На самом деле Достоевский, конечно, говорит то, что он говорит: русское государство должно «сподобиться» стать церковью, ей же одной дано «владычествовать» на земле. Показательно при этом, что Иван, подымающий вопрос о теократии еще несмело и потому легко идущий на «компромиссы» с государством, произносит успокоительные слова о том, что «все это ничем не унизит его (государства), не отнимет ни чести, ни славы его, – ни славы властителей его, а лишь поставит его с ложной, языческой и ошибочной дороги на правильную и истинную дорогу, ведущую к вечным целям»; монахи же, придающие мысли Ивана, им не новой, окончательный чекан, этих оговорок не повторяют, «компромиссы» и «сделки» начисто отвергают, наличным при переходе государства в церковь властителям не обещают ровно ничего и о формах грядущей теократии безмолвствуют столь же упорно, сколь твердо и ясно высказываются о ее духе.
Правоведам и обществоведам предоставляется решить вопрос – какова может быть власть в обществе, наказующем преступления единственно «отлучением», как определяет за Ивана старец Зосима компетенцию предлагаемого Иваном и единственного в будущем обществе церковного суда. Если власть необходимо – принуждение, властителей вовсе не будет, и прав по-своему либерал и западник Миусов, пугающийся революционного утопизма монахов, если же власть мыслима без принуждения, мыслима она и в православной теократии, как некое смиреннейшее из служений.
По Мережковскому, «главная ошибка» Достоевского в том, что он говорит о превращении в церковь «государства», а не «общественности». Но общественность, по-христиански понятая, – уже соборность, уже церковь. «Государство» для Достоевского есть воплощение народного духа в плане истории, наше историческое тело, – то, что мы называем Россией. Поскольку Мережковский, требующий «правды о земле» и «на земле», мечтает об историческом воплощении свободной теократии, его «общественность» есть также вид государства, хотя бы и не совпадающего с пределами российской державы. Спорить, казалось бы, не о чем, если бы схематизм трех неопределенных понятий: «религии» (еще не откровенной), «революции» (объемлющей Гармодия8
и декабристов, Савонаролу и 9 января) и «самодержавия» (под коим разумеются вместе и грядущий Антихрист, и прошлое «Навуходоносорова венца», и, наконец, власть вообще), – если б этот отвлеченный схематизм не делал для изобличителя «реакции», будто бы пророчествовавшей через Достоевского, излишним труд исторического и политического мышления.Плодом последнего было у Достоевского убеждение, что «Константинополь, рано или поздно, должен быть наш». Правое овладение этою res nullius – вещью без владельца, – каковою в полном смысле слова оказался Царьград в наши дни, по его захвате Германией, – означало для него завершительное исполнение нашего исторического бытия, наше окончательное воплощение. Он предвидел настоящую мировую из-за Царьграда войну, не нами поднятую, и заранее учил, что нам должно ее принять. Ныне мы видим: Царьград – наша свобода, и свобода всего славянства. Борьба за него есть борьба вместе за нашу внешнюю независимость и за внутреннее высвобождение наших подспудных сил. Без этой свободы, внешней и внутренней, невозможно наше конечное самоопределение. Поэтому страшен величием падающей на нас ответственности тот день, когда Царьград будет наш.
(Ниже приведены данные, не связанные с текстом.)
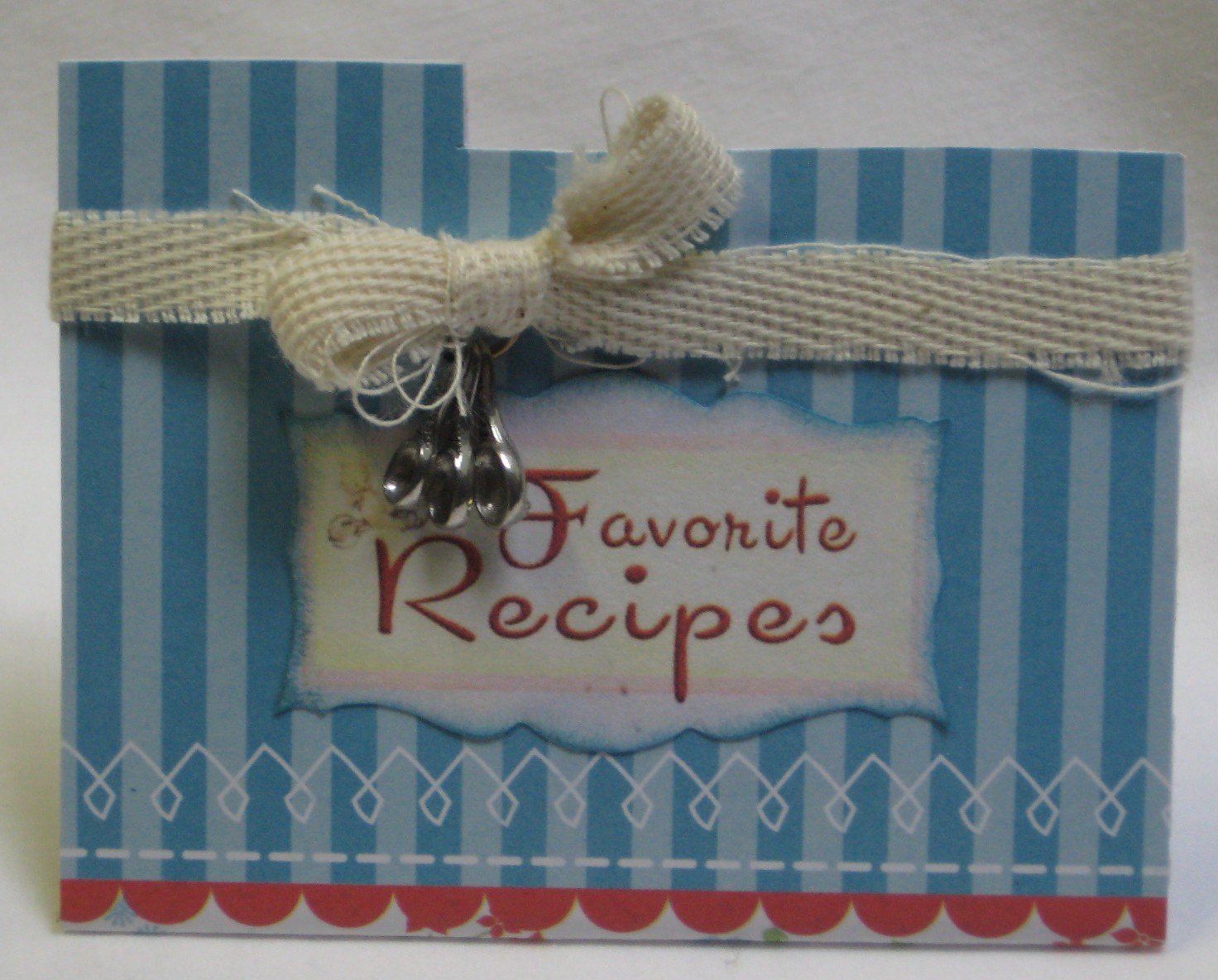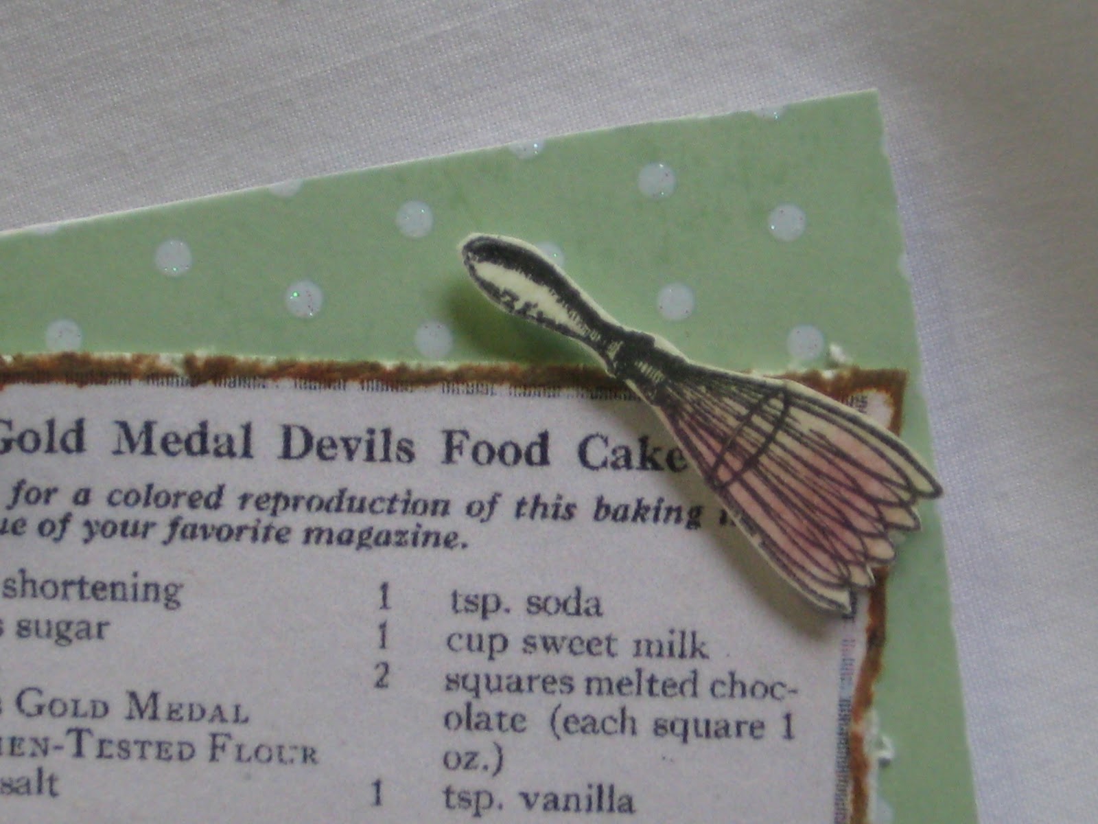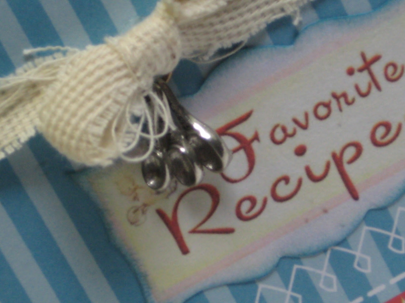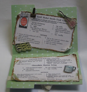 Crafty Secrets and I resized and printed an old recipe card I found at an antique shop in Maine several years ago. The papers came in a paper pack but I can't at the moment remember the company name and they're in Florida. The 3 1/2" by 2 1/2" card opens like a little file folder. Don't you just love the little measuring spoons from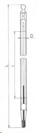 Obalový teplomer s jemným delením stupnice. Celková dĺžka teplomeru je 480mm.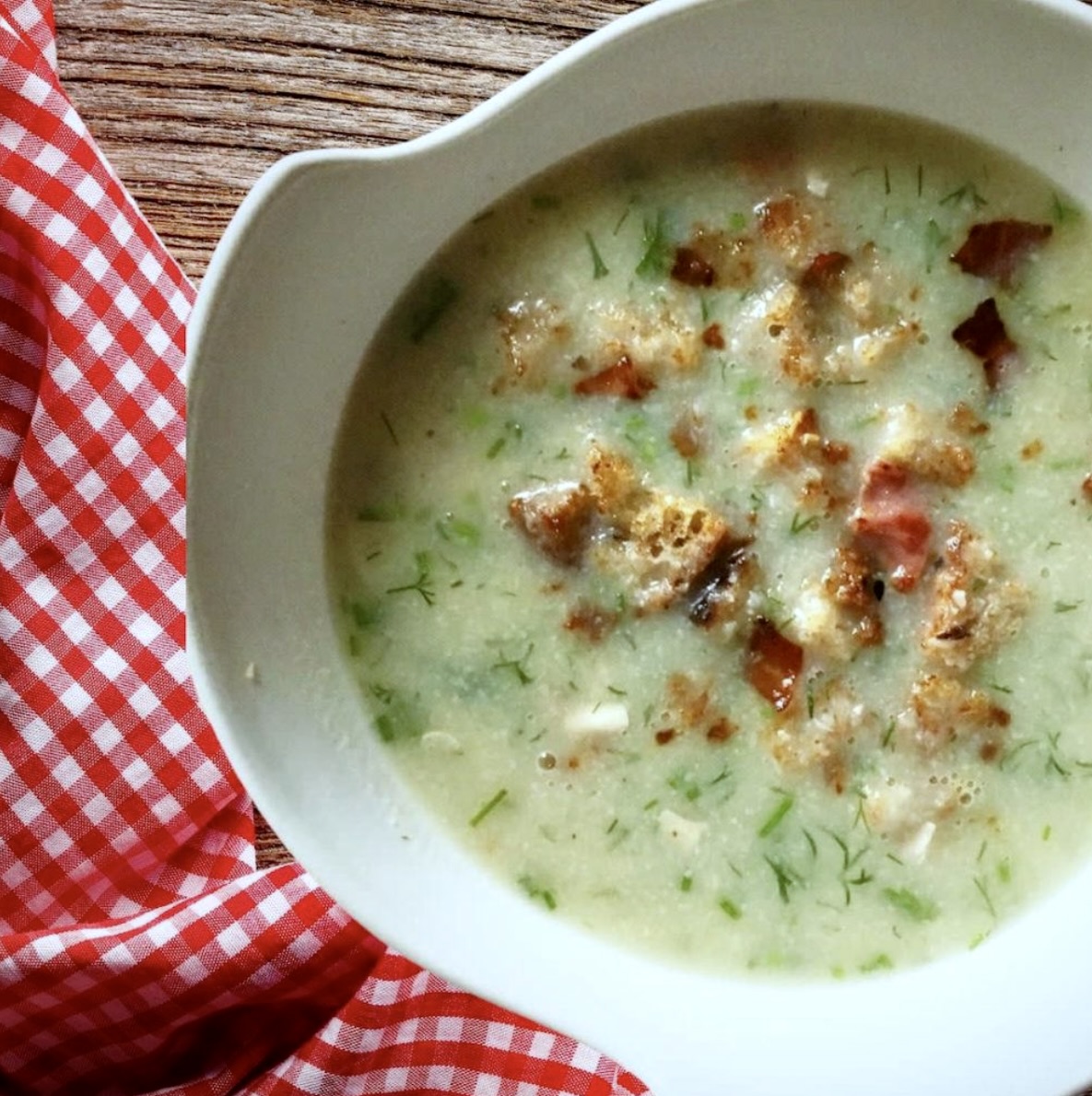 Krem z kalafiora, czyli zupa na bazie bulionu drobiowego z kalafiorem i ziemniakami, po ugotowaniu miksowana i podana z grzankami z szynką. Ta zupa krem z kalafiora to moja kolejna mutacja klasycznej kalafiorowej. Jasne, że trudno wymyślić całkiem nową kalafiorową, co zresztą nie jest moim celem. Zupę kalafiorową po prostu uwielbiam, a kolejne jej wersje powstają właściwie na poczekaniu, w zależności od tego, co akurat mam w lodówce. Oczywiście zawsze to kalafior jest głównym składnikiem. Tym razem powstała zupa krem z kalafiora z szynką i grzankami. Jest przepyszna, bo z dominującą nutą aromatu wędzonej w prawdziwym dymie szynki.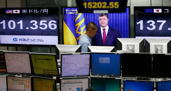 An employee of a foreign exchange trading company walks past a monitor showing Ukrainian President Petro Poroshenko, as other monitors displaying the Nikkei share average (top), the exchange rates between the Japanese yen and the U.S. dollar (L) and the yen against the euro (R), in Tokyo July 18, 2014. Asian shares sagged in early trading and a drop in Treasury yields pressured the dollar after news of a downed Malaysian airlines jet at the Ukraine-Russia border sent investors scurrying into defensive assets. REUTERS/Toru Hanai (JAPAN - Tags: BUSINESS TRANSPORT DISASTER POLITICS)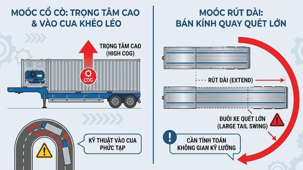 - Kỹ thuật vào cua: Tài xế cần mở cua rộng hơn so với moóc thường. Tuyệt đối không đánh lái gấp ở tốc độ trên 20km/h khi xe đang có hàng, vì thiết kế cổ cò rất nhạy cảm với lực ly tâm, dễ gây hiện tượng “văng đuôi”.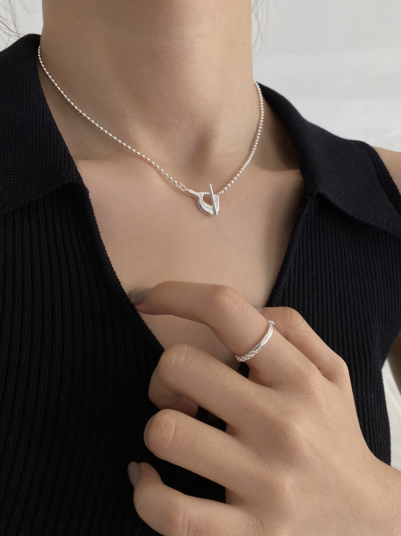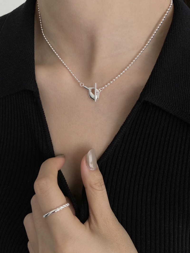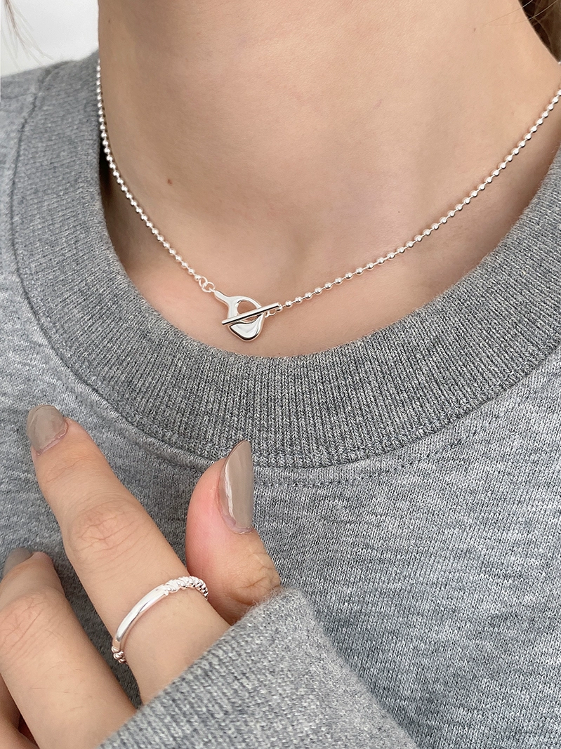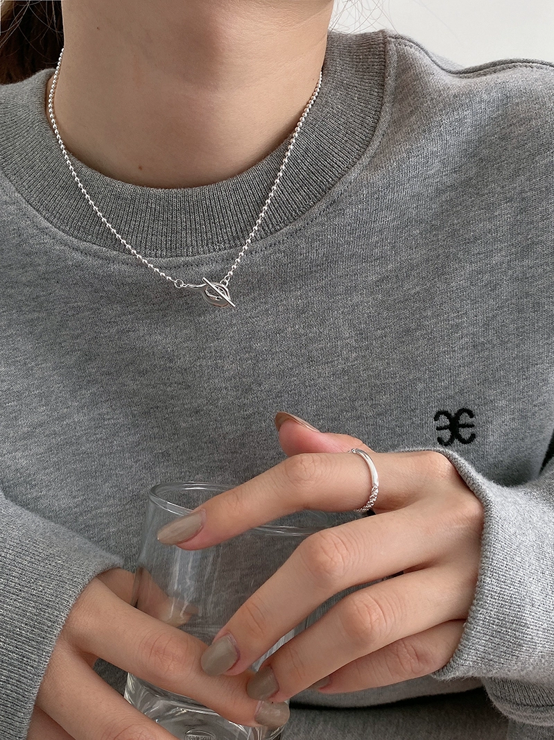 Ins style necklace cold S925 sterling silver irregular round bead necklace women’s trendy simple niche neck chain clavicle chain

«Звезда», имеющая «воссиять от Востока», по слову Достоевского, не нуждается в государственных межах и в рукотворных храмах; но для владычествования Церкви на земле необходимо завершенное историческое воплощение народа, призванного к претворению своего союза в церковь, – его совершеннолетие и самообретение в созревшей и полной свободе. Мыслимо же таковое лишь после коренного переустройства и обновления всей нашей народной жизни и всего государственного организма в приближающийся, – уповаем, – царьградский период нашей истории[173]
.Но возвратимся к вопросу о «поглощении» православия государством. Ведь и сам Достоевский, в связи беседы о теократии, затронул его и отметил эру «поглощения» – союз между церковью и империей во дни императора Константина – словами:
«Когда римское языческое государство возжелало стать христианским, то непременно случилось так, что, став христианским, оно лишь включило в себя церковь, но само продолжало оставаться государством языческим по-прежнему».
Но если церковь стала частью государства, оставшегося языческим, не значит ли это, что она сдвинулась со своих основ и что истинная соборность должна встать на развалинах «исторической церкви»? Как же возможно следующее за тем утверждение Достоевского?
«Христова церковь, вступив в государство, без сомнения, не могла ничего уступить из своих основ, от того камня, на котором стояла она, и могла лишь преследовать не иначе как свои цели, раз твердо поставленные и указанные ей самим Господом, между прочим: обратить весь мир, а стало быть – и все древнее языческое государство, в церковь».